**Extracted data:**
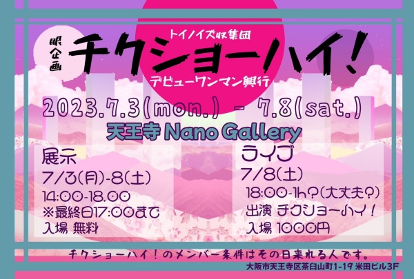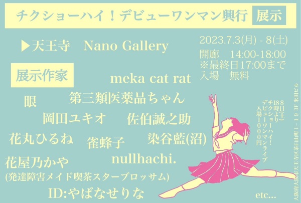 | ★Art Move2022 Nano Gallery賞 ●開催期間 05月026日(月)~06月01日(日) ●開廊時間 14:00-19:00 ●出展作家 ゆき乃 ●関連サイト等 Face Book event ゆき乃 instagram ゆき乃 x |
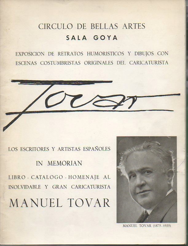 TOVAR. EXPOSICION DE RETRATOS HUMORISTICOS Y DIBUJOS CON ESCENAS COSTUMBRISTAS ORIGINALES DEL CARICATURISTA. LOS ESCRITORES Y ARTISTAS ESPAÑOLES IN MEMORIAN. LIBRO, CATALOGO, HOMENAJE AL INOLVIDABLE Y GRAN CARICATURISTA MANUEL TOVAR.
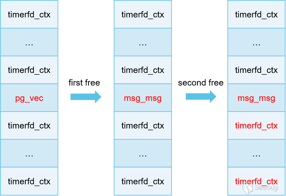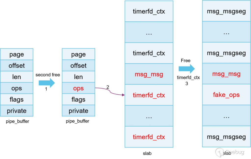 - 再次釋放pg_vec,使用msg_msgseg進行堆噴,修改pipe_buffer的ops成員指向剛剛泄露地址的timerfd_ctx。
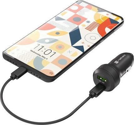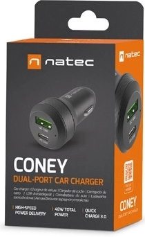 Biloplader NATEC Coney USB-A + USB-C QC 3.0/PD 3.0 48 W sort
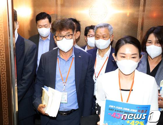 (세종=뉴스1) 김기남 기자 = 29일 오후 정부세종청사에서 열린 최저임금위원회 제8차 전원회의 중 사용자위원들이 공익위원이 내년도 최저임금을 9천410∼9천860원을 제시한것에 반발하며 회의장을 떠나고 있다. 2022.6.29/뉴스1
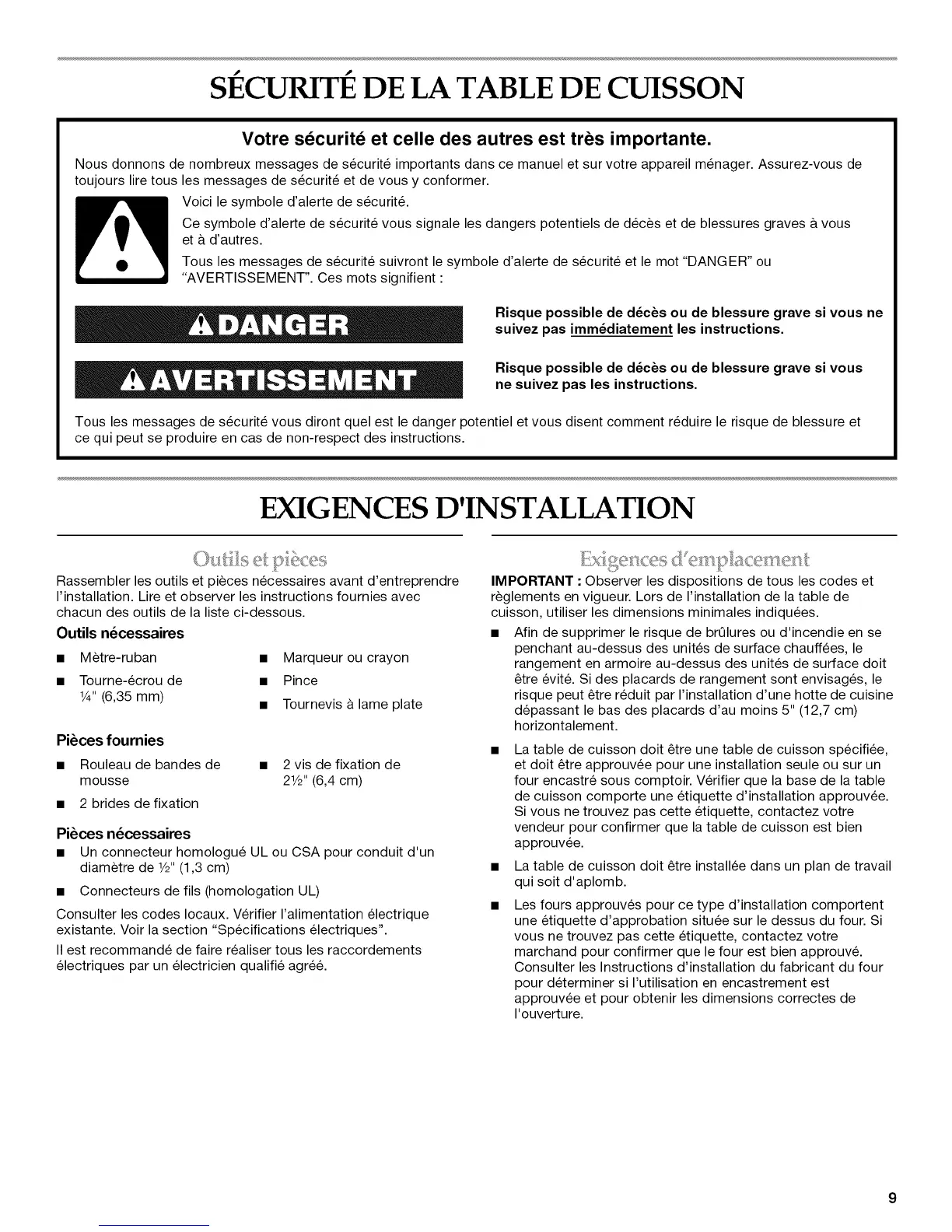 Tousles messages de securit6 suivront le symbole d'alerte de securit6 et le mot "DANGER" ou

**Your goal:** Your answer should be the lines from the opening of the records through the line with "(세종=뉴스1) 김기남 기자", both ends retyped exactly and pictures left out.

**Worked solution:**
 | ★Art Move2022 Nano Gallery賞 ●開催期間 05月026日(月)~06月01日(日) ●開廊時間 14:00-19:00 ●出展作家 ゆき乃 ●関連サイト等 Face Book event ゆき乃 instagram ゆき乃 x |
 TOVAR. EXPOSICION DE RETRATOS HUMORISTICOS Y DIBUJOS CON ESCENAS COSTUMBRISTAS ORIGINALES DEL CARICATURISTA. LOS ESCRITORES Y ARTISTAS ESPAÑOLES IN MEMORIAN. LIBRO, CATALOGO, HOMENAJE AL INOLVIDABLE Y GRAN CARICATURISTA MANUEL TOVAR.
 - 再次釋放pg_vec,使用msg_msgseg進行堆噴,修改pipe_buffer的ops成員指向剛剛泄露地址的timerfd_ctx。
 Biloplader NATEC Coney USB-A + USB-C QC 3.0/PD 3.0 48 W sort
 (세종=뉴스1) 김기남 기자 = 29일 오후 정부세종청사에서 열린 최저임금위원회 제8차 전원회의 중 사용자위원들이 공익위원이 내년도 최저임금을 9천410∼9천860원을 제시한것에 반발하며 회의장을 떠나고 있다. 2022.6.29/뉴스1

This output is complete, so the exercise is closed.